Argumente des Agrobusiness entzaubern
Den Rechtfertigungsversuch der Vertreter der "Intensiv-Landwirtschaft", es brauche diese Form des Bewirtschaftens, um die Ernährung der ansteigenden Weltbevölkerung gewährleisten zu können, ließ Mayr nicht gelten. Ernährungssicherheit dürfe in erster Linie keine Geschäftssache sein, sie beruhe vielmehr auf dem Menschenrecht, ausreichend und gesund zu essen bzw. die je eigenen Lebensräume respektiert zu wissen. Das Wesen des Agrobusiness liege aber im Profit, es gehe ums Geschäft und nicht um Rechte. "Die Logik ist die Gewinn-Maximierung. Ernährungssicherheit ist allenfalls ein günstiger Neben-Effekt", so der Entwicklungshelfer.

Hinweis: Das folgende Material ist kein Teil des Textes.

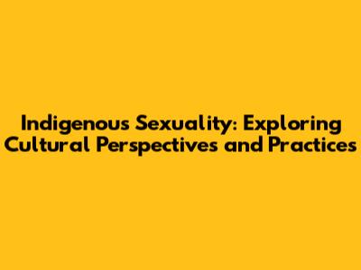 Indigenous Sexuality: Cultural Views & Practices

Die Entwicklungs-Organisation versucht deshalb, die mit großen Geld-Summen betriebene Image-Pflege der Großgrundbesitzer zu entzaubern. So diene etwa ein großer Teil der Produktion der Herstellung von Treibstoffen und Strom und nicht von Lebensmitteln. Der Anspruch des Agrobusiness, die Welt zu ernähren, gehe auch mit einer "schleichenden Vergiftung" der Menschen einher, so Mayr: Großflächige Agrarproduktion funktioniere nur mit Hilfe von Pestiziden.

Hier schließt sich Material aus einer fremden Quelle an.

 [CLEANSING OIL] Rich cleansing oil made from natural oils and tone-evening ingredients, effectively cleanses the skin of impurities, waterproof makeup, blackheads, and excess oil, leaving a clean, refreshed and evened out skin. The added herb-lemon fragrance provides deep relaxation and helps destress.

Darüber hinaus gebe es bereits genügend Lebensmittel, es mangle an gerechter Verteilung: Laut FAO werden jährlich etwa 1,3 Milliarden Tonnen an Lebensmitteln - 35 Prozent der Gesamtproduktion - verschwendet, beklagte Mayr. Eine steigende Nahrungsmittelproduktion bedeute demnach nicht, dass sie jenen zu Gute komme, die mehr Nahrung brauchen. Die wichtigsten Beiträge zur Ernährungssicherung seien letztlich Armutsbekämpfung und Friedenssicherung.